▶ Supplied information

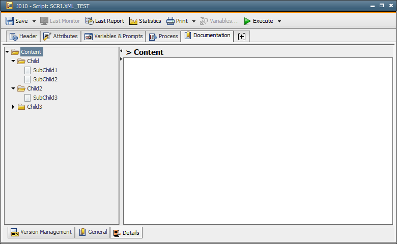 - The XML structure will only be modified in the memory. The script element does not have an effect on the Documentation tab.
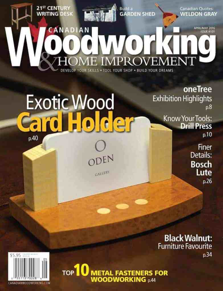 21st Century Writing Desk – p. 28, issue 101 (April/May 2016) of Canadian Woodworking & Home Improvement
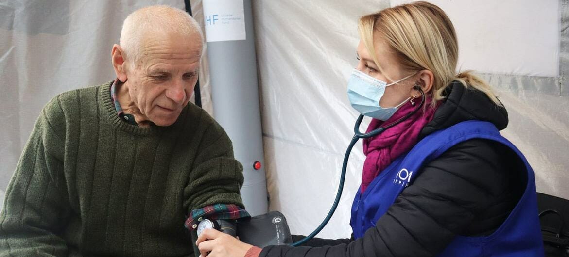 An elderly man receives comprehensive medical assistance at an IOM mobile clinic in a village in the Lviv region of Ukraine.

▶ Requirement
If pictures appear in the data, omit them and copy all other parts exactly.

▶ Output
 - The XML structure will only be modified in the memory. The script element does not have an effect on the Documentation tab.
 21st Century Writing Desk – p. 28, issue 101 (April/May 2016) of Canadian Woodworking & Home Improvement
 An elderly man receives comprehensive medical assistance at an IOM mobile clinic in a village in the Lviv region of Ukraine.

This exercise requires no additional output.